Observe that the $k^i k^j$ transforms as a rank 2 tensor, as does $T^{i j}$. Because the product $\mathcal{E} c^2/\omega^2$ and $k^i k^j$ must transform as a rank 2 tensor, this can only mean that the $\mathcal{E} c^2/\omega^2$ portion transforms as a Lorentz scalar.

# Problem 3. Force from an incoming wave.

## Statement

(Problem from the book.) Find the force acting on a wall which reflects, with reflection coefficient $R$, and incoming electromagnetic wave; a general incidence angle is assumed, and is, of course, equal to the angle of reflection.

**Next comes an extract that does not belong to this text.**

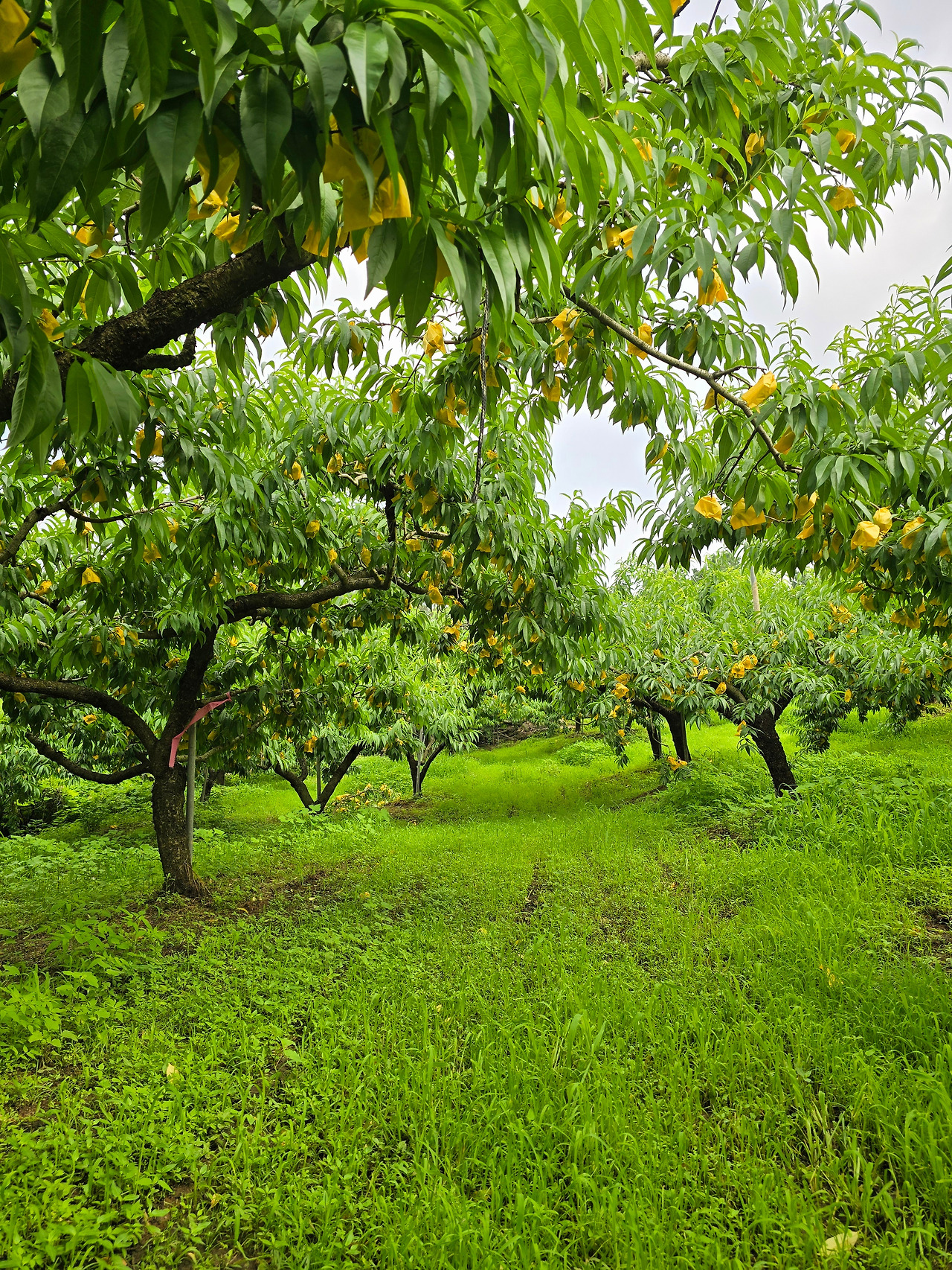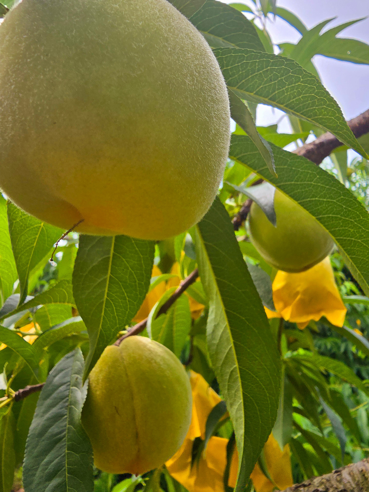 갑자기 어제 그 자두가 생각나서 과수원에 가고, 생전 처음 보는 푸른 복숭아 여름숲으로 가득해서 얼마나 싱싱해지던지요. 복숭아꽃 피었을 때, 꽃 사진 찍고, 가지마다 한 두 개의 꽃만 필요하다는 복숭아 생존법을 들은 지 두 달 정도밖에 안되었는데, 어느새 가지마다 털 복숭이 초록 복숭아들이 노란 적삼을 입은 모습으로 달려 있었습니다. 이미 다른 수종에서 첫 복숭아를 맛보았지만, 직접 복숭아 영그는 과정을 보는 것은 처음이었죠.

In this problem, if you decide use the stress tensor and look at the solution given in the text [1], the stress tensor is argued to be $T^{\alpha \beta} = T^{\alpha \beta}(\text{incoming wave}) + T^{\alpha \beta}(\text{reflected wave})$. This actually holds only for the components of $T$ where one index, i.e., $\alpha$ is the direction perpendicular to the wall (i.e. for the components of the stress tensor relevant for calculating the pressure and shear). To be completely happy with the use of the stress tensor, you may want to derive this fact, starting from the expressions for the electric and magnetic field (3-vectors) $\mathbf{E} = \mathbf{E}_1 + \mathbf{E}_2$, $\mathbf{B} = \mathbf{B}_1 + \mathbf{B}_2$, where $(\mathbf{E}_1, \mathbf{E}_2)$ and $(\mathbf{B}_1, \mathbf{B}_2)$ correspond to the (incoming, reflected) wave, noticing that ${\left\lvert{\mathbf{E}_2}\right\rvert} = \sqrt{R}{\left\lvert{\mathbf{E}_1}\right\rvert}$, just like you did for Problem 1.5 (HW6). Also, see Problem 3 of HW5.

## Solution

FIXME: TODO: The solution for this (ungraded) problem was covered in the tutorial (before I got to trying it). I would also like to try this independently (perhaps using arbitrary orientation for the reflected wave to spice things up since the simple case has been done for us.)

# References

[1] L.D. Landau and E.M. Lifshitz. The classical theory of fields. Butterworth-Heinemann, 1980.